Post-Traumatic Foot Pain and Compartment Syndrome
Foot trauma would include gun-shot wounds, crushing injuries, traumatic amputations, lawn mower injuries, vehicle accidents, falls, or burns. Whatever the cause, the degree to which the foot is repaired is often influenced by the effectiveness of emergency care and subsequent care. Whereas prescribed surgery is procedurally choreographed, neat, and sterile, post-traumatic surgeries are impromptu, ragged, and dirty. Often the intention is to merely salvage the foot and align it to the ground, ignoring the more dynamic functions that a normal foot is capable of. It’s the subtle dynamic functions that are so easily derailed when the foot suffers a trauma. Whether the damage is to the skin, the bones and joints, the nerves, the musculature, or all four, the result is usually a loss of motion and some profound degree of rigidity. Scar tissue and skin grafts don’t stretch, damaged joints don’t bend, and the muscles and nerves can’t activate appropriate motion. Compartment syndrome, which is swelling confined within the fascia surrounding the muscle body subsequent to the trauma, can cause intense pain.

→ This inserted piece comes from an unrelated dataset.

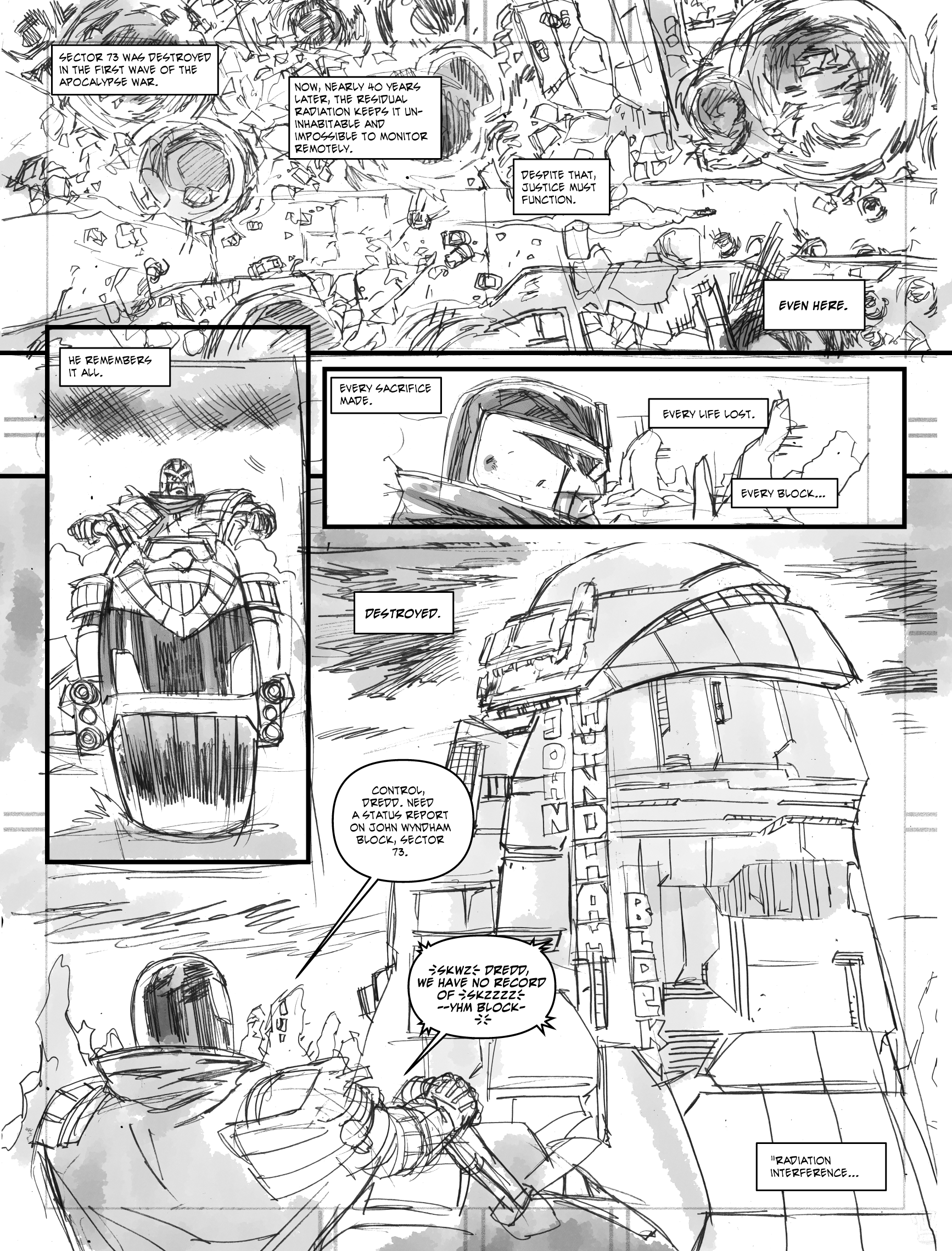 And here’s the raw pencils for page 1… Scanned and tidied, added panel borders, resize a couple of things, made panel 2 push into panel 2 to just force the readers eye a bit to that panel (I had planned to have Dredd’s head here jut out of the panel, but that would have made it hard to place lettering)

Pedorthically, post trauma clients present with a relatively rigid foot with areas that can be hypersensitive to contact from footgear. Our goal with a rigid foot is to prevent compensation by other joints to move excessively, or beyond their normal range of motion to make up for the lack of normal motion in the affected foot. Depending on how many joints are affected, rigidity prevents the foot from absorbing shock, adapting to unevenness in the terrain, or staying planted on the ground while the trunk above rotates during gait. Shearing occurs on the skin tissues, especially at the heel, and the lack of suppleness in the tarsals and metatarsals can result in excessive callousing on the ball of the foot. Therefore, our goal is to inhibit the need for motion in the foot with Rocker-Bottom Therapy, attenuate shock, shearing, and excessive pressure with Foot Orthotic Therapy, and if necessary, modify or custom make footwear to address the sensitive areas.
$ Self Help
Post Trauma, and its colleague compartment syndrome, can have so many degrees of severity that whatever a victim has found before seeking pedorthic help is usually the best choice. If your foot is rigid, you have probably sought out stiff footwear, like hiking boots, with gel type inserts in to attenuate shock and diffuse pressure.
If there is no major deformity, the next level of severity would require custom orthotic devices, made from soft accommodative and shock absorbing materials. Combining that with the application of a rocker-bottom sole to a ready-made shoe should therapeutically address most issues.
$$$ Pedorthist / Custom Shoemaker
If there are foot deformities, history of ulceration, sensitive scar tissue, or partial amputations, then custom footwear can be designed from the ground up to address each issue specifically, by choosing designs that avoid scars, orthotics of unlimited thickness to attenuate shock and diffuse areas of pressure, sock linings that will absorb shear forces on burns, callouses, and scar tissue by stretching in all directions, and rocker-bottom soles to inhibit the need from motion in rigid joints.
$$$ Pedorthist / Orthotist
In situations when terrain is uneven, like on a farm or a construction site, a custom shoe, or possibly a ready-made shoe, can be fitted over solid ankle braces made by an orthotist.
$$$$ Pedorthist / Custom Shoemaker
In cases where some motion is present, but the motion is limited and painful, then brace boots would be indicated. Brace boots are boots with braces built into the linings and function pretty much like a cast.